Esel by Michael Gantenberg

Esel by Michael Gantenberg

Autor:Michael Gantenberg
Die sprache: de
Format: mobi
ISBN: 9783104007564
Herausgeber: Fischer e-books
veröffentlicht: 2011-07-03T22:00:00+00:00


»Björn?«

Sabines Stimme ist jetzt sehr leise.

»Björn?«

Sie wird immer leiser.

»Björn.«

Verdammt, ich höre sie kaum noch.

»Björn?«

25. Plötzen und die Tunica Albuginea

Das kleine Dorf am Niedersee hat bestimmt schon eine ganze Menge erlebt – die von Arnims, als Vertreter der deutschen Romantik, die Russen, als Vertreter der Siegermächte, die Polen, als freundliche Repräsentanten des Nachbarlandes, FDJ-Aktivisten mit Zeltstangen und Treuhand-Diplomaten mit An- und Verkaufsabsichten, aber einen Gymnasiallehrer, der, mit dem Rücken auf einem Esel liegend, über die nur halbasphaltierte Dorfstraße geführt wird, so was hat Plötzen bestimmt noch nie gesehen.

Ich weiß nicht, wovon mir übler wird, von dem Geschaukel, das Friedhelm verursacht, oder von dem Schmerz, der immer noch in meinem Körper wütet.
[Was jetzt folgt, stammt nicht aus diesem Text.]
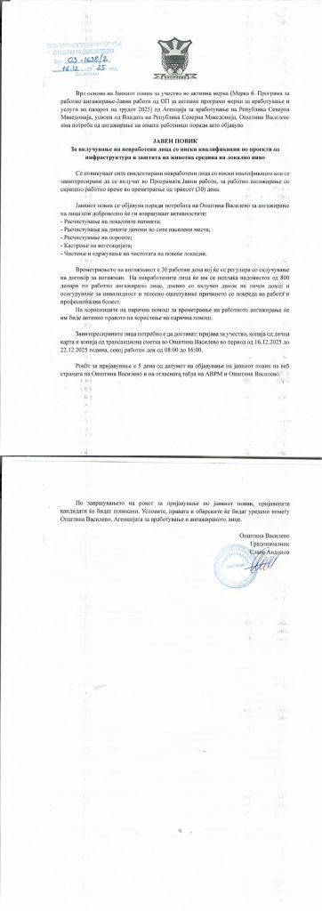 Општина Василево објавува Јавен повик за невработени лица со ниски квалификации за работно ангажирање во проекти од областа на инфраструктурата и заштитата на животната средина на локално ниво. Лицата треба да бидат евидентирани во Агенцијата за вработување.
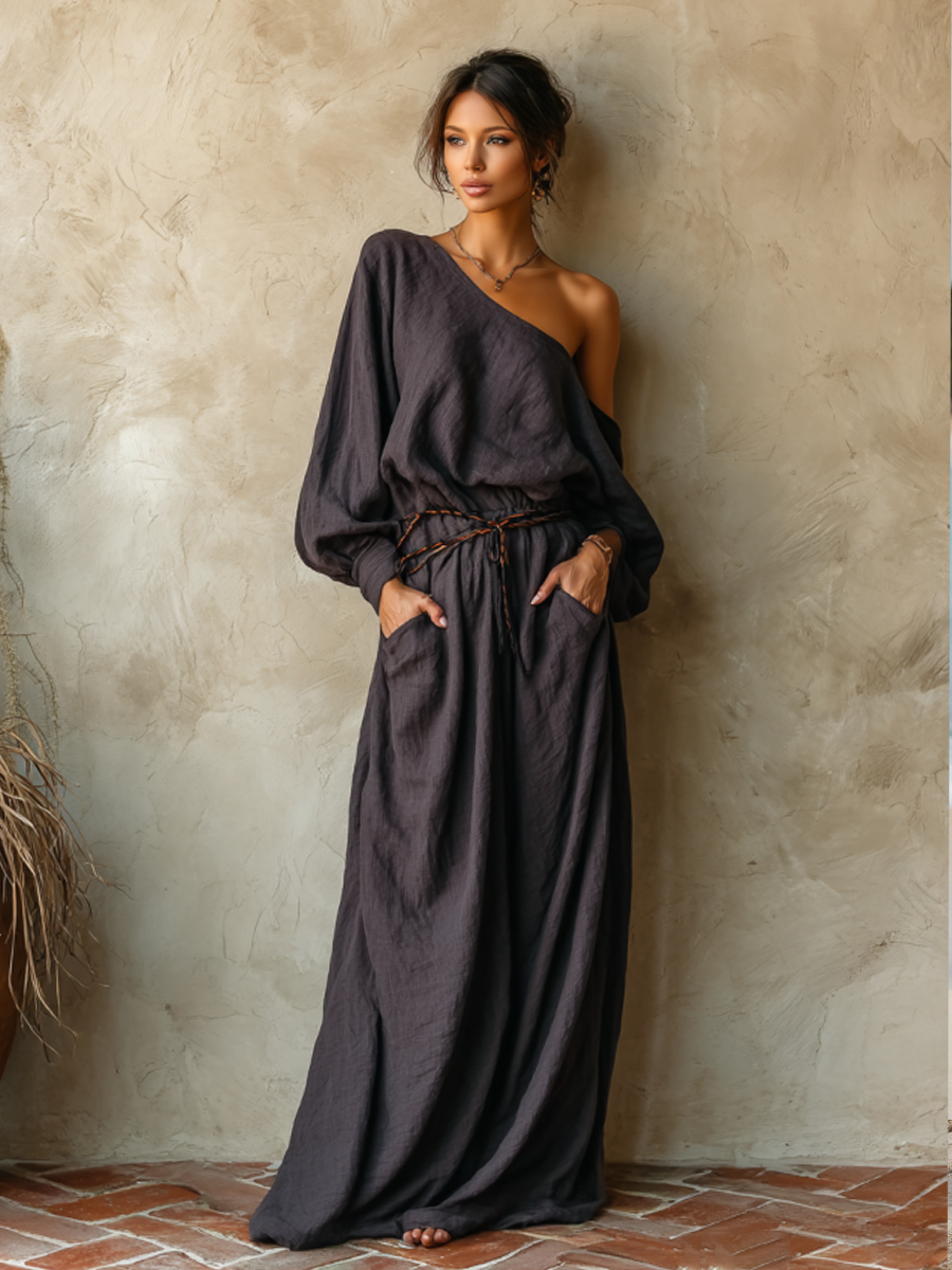 Women's cotton one-shoulder design comfortable casual winter maxi skirt

»Geht’s noch?«, will Sabine wissen.

»Sabine, bitte.«

»Ich frag’ ja nur … hier gibt es bestimmt einen Arzt. Jetzt wird alles gut.«

Lüge! Aber nett gemeint, ich weiß. Hier wird nie etwas gut, hier gelingt es noch nicht mal, die Straße vollständig zu asphaltieren, wie soll dann alles gut werden. Ich bin ungerecht, aber ich habe Schmerzen, das entschuldigt alles.

»Tut’s noch weh?«

Was für eine Frage. Wenn ich dir nicht so dankbar sein müsste, weil du mich aus diesem Fichtennadel-Gulag in die Zivilisation geschleppt hast, dann würde ich jetzt …

»Keine Angst, gleich geht’s dir besser.«

Natürlich. Gleich. Ganz bestimmt.

Ich richte mich auf, so gut es geht, und schaue direkt in die Augen eines alten Mannes, der vor seinem Haus steht und sich nicht ganz sicher ist, was er von mir halten soll. Der Mann in dem blassgelben Trainingsanzug dreht sich nach hinten, um weitere Zeugen meiner Einwanderung zu holen.

»Margot, komm mal.«

»Was ist denn?«, fragt jemand aus dem Hintergrund.

»Komm.«

»Warum?«

»Komm.«

Und schon ist sie da – die Margot. Man muss sie nur dreimal bitten, dann reagiert sie beinahe spontan. Die gute Frau.

Auch sie trägt einen Trainingsanzug, scheint ihn aber nicht so oft zu benutzen wie ihr Mann. Das Gelb ist deutlich weniger verblasst. Vielleicht wäscht sie ihn auch nur weniger, doch so genau möchte ich es gar nicht wissen.

Margot schaut mich an, verzieht dabei aber keine Miene.

Ich nicke den beiden zu. Sie nicken nicht zurück. Wahrscheinlich wollen sie nichts riskieren, weder Freundlichkeit noch Abweisung. Angewandte Neutralität, ein Hauch von Schweiz, mitten in der Uckermark.

»Gibt es hier einen Arzt?«, will Sabine von den beiden Trainingsanzügen wissen.

»Wo?«, fragt der Mann.

»Hier«, antwortet Sabine.

Ich verdrehe die Augen, das darf doch alles nicht wahr sein.

»Nee«, antwortet die Frau des Mannes.

»Wo ist denn der nächste Arzt?«

»In Katwitz.«

»Nee, der ist tot.«

»Stimmt, dann in Molchow.«

»Ja, Molchow.«

Margot und ihr Mann scheinen sich nun sicher zu sein. Katwitz nicht, Molchow schon.

Ich habe es geahnt, diese Reise wird meine letzte sein. Weiß der Teufel, wie weit es noch bis Molchow ist.

»Wie weit ist es denn noch bis Molchow?«, erkundigt sich Sabine für mich.

»Zwölf Kilometer«, sagt der Mann.

»Vierzehn«, sagt Margot und schaut ihren Mann dabei fast strafend an.

»Zwölf.«

»Vierzehn.«

Dann denkt er nach, vielleicht hat sie recht. Zwei Kilometer Unterschied, da kommt man ins Grübeln, ganz egal, ob da jemand auf einem Esel liegt und Schmerzen hat oder nicht.

Aber jetzt fällt ihm ja schon ein, wie es zu den zwei Kilometer Unterschied zwischen seiner und ihrer Meinung gekommen ist.